Sempre sulla scena, ma anche dietro la macchina da presa. Curzio Malaparte e il cinema: un solo film da regista, un solo film tratto dalla sua produzione letteraria. E tanti progetti mai realizzati....

Le pagine de La Nazione del giorno della morte di Malaparte e del 21 luglio, quando a Prato in Duomo si tennero i funerali del grande scrittore

Le pagine de La Nazione del giorno della morte di Malaparte e del 21 luglio, quando a Prato in Duomo si tennero i funerali del grande scrittore

Prato, 19 luglio 2017 - Sempre sulla scena, ma anche dietro la macchina da presa. Curzio Malaparte e il cinema: un solo film da regista, un solo film tratto dalla sua produzione letteraria. E tanti progetti mai realizzati.

Correva l’anno 1950. Set a Montepulciano, Raf Vallone - star dell’epoca - protagonista di «Cristo proibito» insieme alla moglie Elena Varzi, Alain Cuny, Annamaria Ferrero. Musica, soggetto, sceneggiatura, regia dello scrittore pratese. Come direttore della fotografia, il grande Gabor Pogany, suocero di Pamela Villoresi. Il suo debutto nel cinema fu salutato da aspre critiche in Italia, ma da un inaspettato successo internazionale: vinse persino il Gran Premio d’onore Fuori Classe al festival del cinema di Berlino nel 1951. Due anni dopo il National Board of Review of Motion Picture lo inserì nella lista dei migliori film stranieri dell’anno. Novantacinque minuti per raccontare la storia di un reduce di guerra, tornato al suo paese per scoprire i responsabili della fucilazione del fratello. Uno dei maggiori critici dell’epoca, Edoardo Bruno, non mancò di stroncare il Malaparte regista, dalle pagine di Filmcritica. «Ci sembra che il film dia con chiarezza estrema, una conferma della confusione, della grettezza morale e dell’insulsaggine del Malaparte». Aggiunse persino ciò che Gramsci scriveva dell’intellettuale pratese. «Il carattere fondamentale del Suckert è uno sfrenato arrivismo, una sviscerata vanità e uno snobismo camaleontesco. Per avere successo era capace di ogni scelleratezza».
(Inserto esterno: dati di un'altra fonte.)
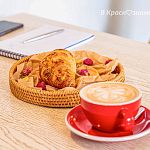 В утреннем меню можно найти: скрэмбл с лососем, сырники, различные сэндвичи, тосты и круассаны.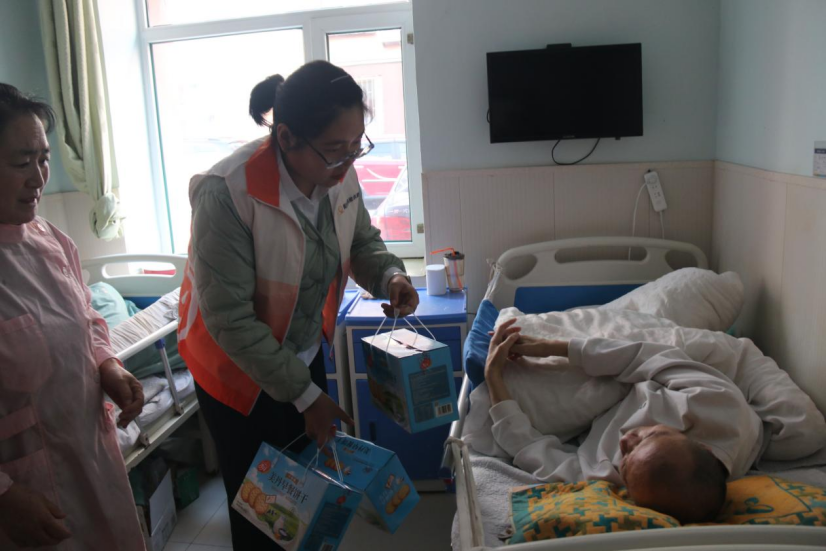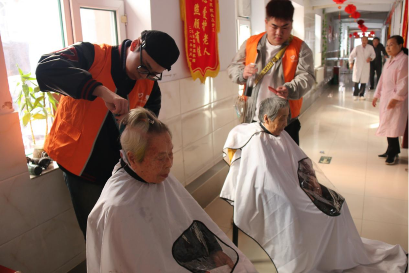 除了智慧助老教學,志愿者帶來的愛心剪發服務也成為活動中一抹溫馨的亮色。幾把剪刀、推子、梳子,組成了一個臨時卻專業的“陽光理發角”。志愿者們技藝嫻熟、服務周到,一邊為老人修剪頭發,一邊親切地與他們拉家常,關心他們的身體健康與生活近況。修剪的是發絲,傳遞的卻是如家人般的陪伴與牽掛。與此同時,另一隊志愿者走進室內,為失能老人送上牛奶、餅干等慰問品,將溫暖延伸到每一個角落。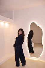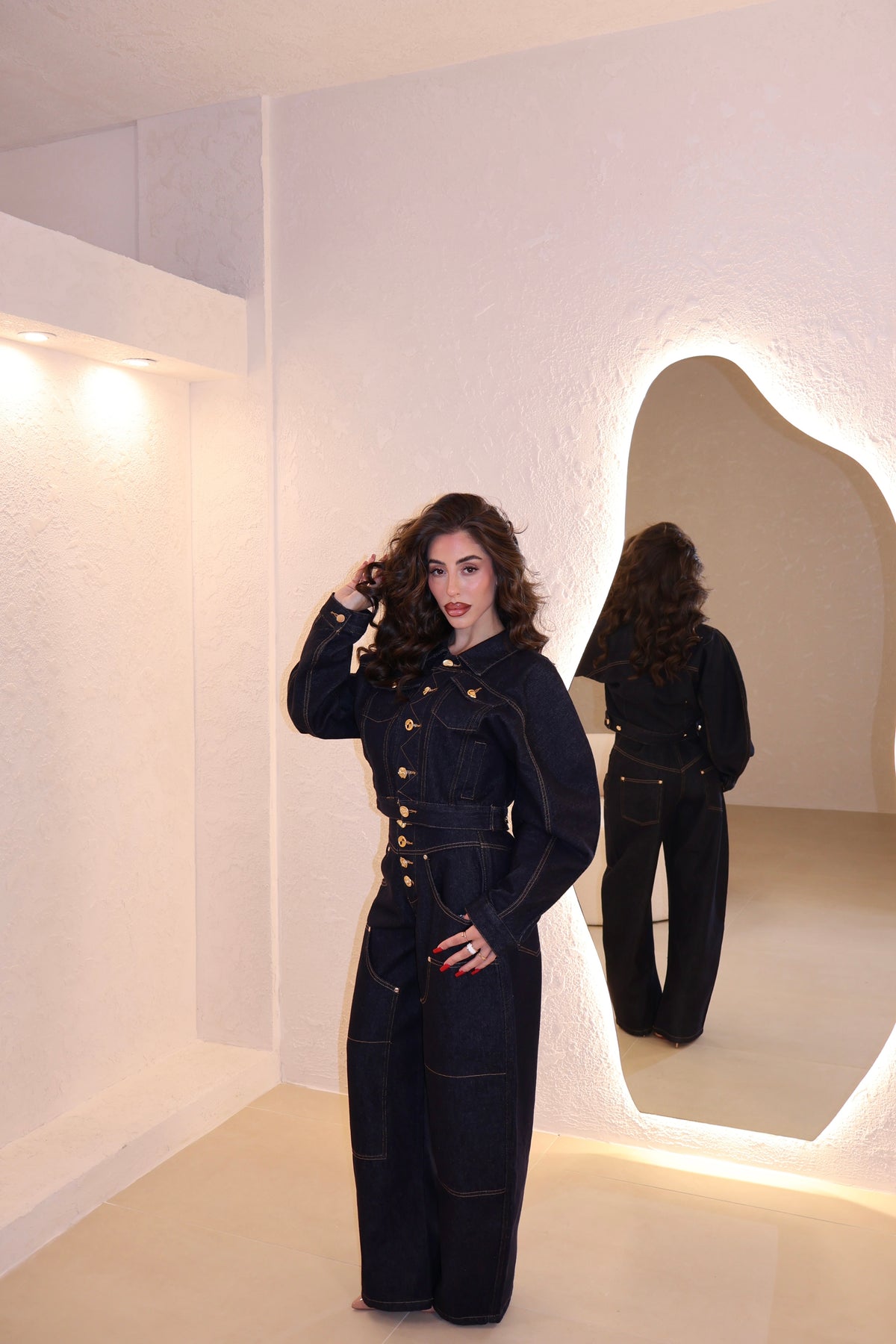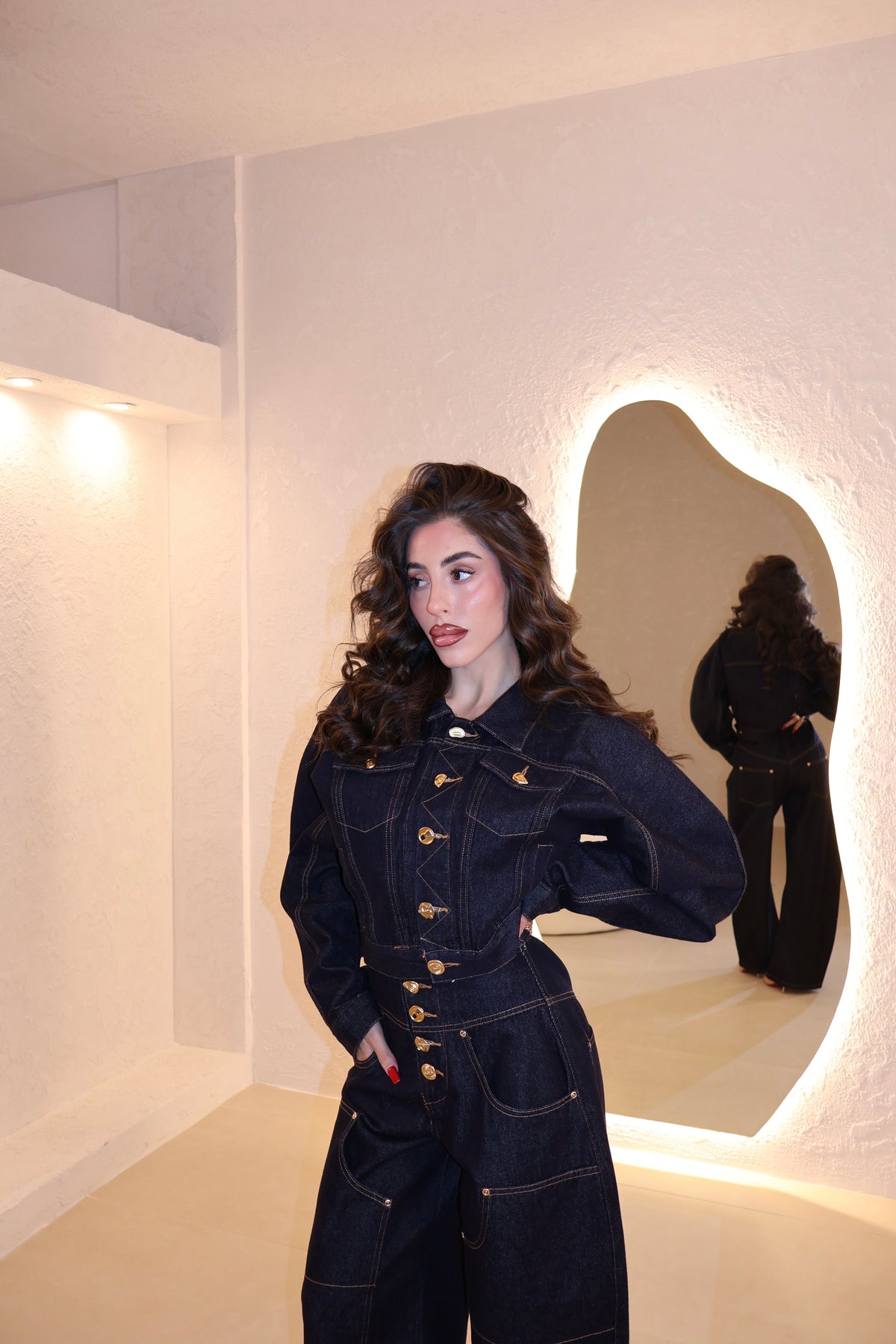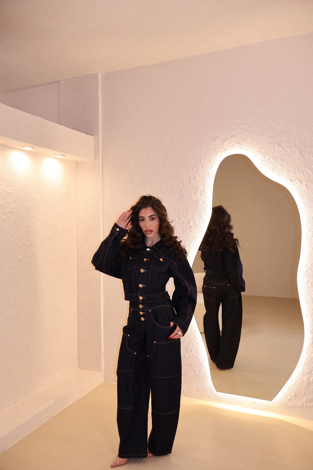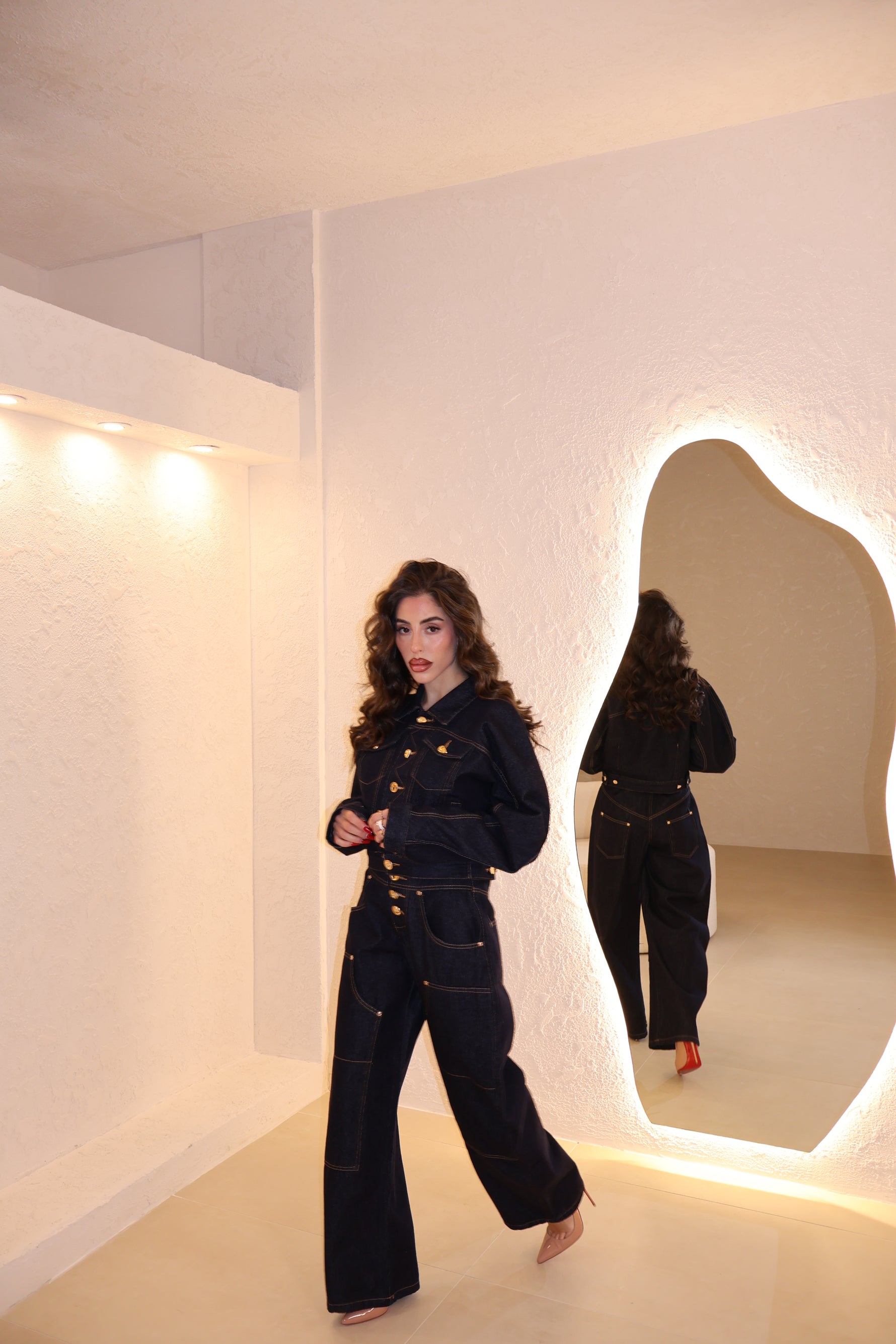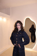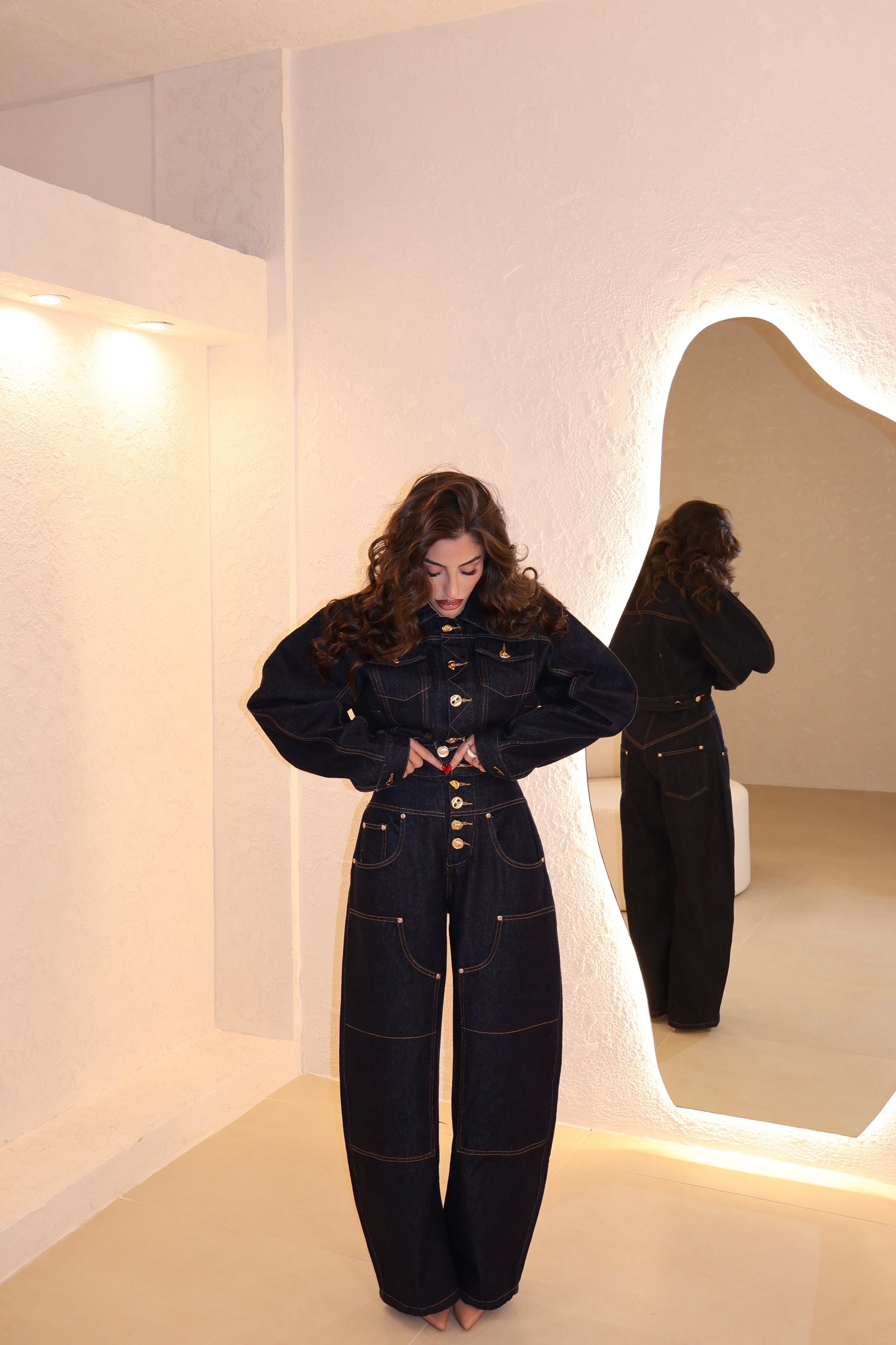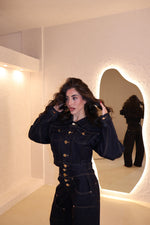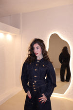 Coordinato in denim composto da jeans modello balloon e giacca corta con bottoni in oro. La modella indossa taglia S.

Tutt’altra accoglienza trent’anni dopo per Liliana Cavani che decise di portare sul grande schermo uno dei romanzi più letti e venduti nella carriera di Malaparte. Festival del cinema di Cannes 1981. In concorso a rappresentare il cinema italiano ecco «La pelle», diretto dalla regista reduce da grandi successi come «Il portiere di notte» e «Al di là del bene e del male». Vietato ai minori di 14 anni per alcune scene scabrose e violente, il film vede protagonista Marcello Mastroianni nel ruolo dello stesso Malaparte, con Claudia Cardinale (la principessa Caracciolo e Burt Lancaster (il generale Clark). Negli anni della seconda guerra mondiale, le miserie e le macerie nel ventre di Napoli. Con estrema fedeltà al romanzo, la Cavani racconta senza sconti la crudeltà di quei giorni. Buon successo al botteghino, critiche tutto sommato benevole.

UN INCONTRO casuale quello tra la regista di Carpi e lo scrittore di Prato. Come raccontò anni fa la stessa Cavani in una intervista al nostro giornale: «Per ingannare l’attesa di un treno alla stazione, comprai il libro di Malaparte leggendolo velocemente. Al termine della lettura decisi di trarne un film». E poi come non ricordare la villa Malaparte arroccata sugli scogli di Capri. Una splendida location usata più volte dal cinema. Oltre che dalla Cavani, anche da Jean Luc Godard per «Il disprezzo», tratto dal romanzo di Alberto Moravia ed interpretato da Brigitte Bardot e Michel Piccoli. E nel 2016 scelta come immagine simbolo del manifesto del Festival di Cannes.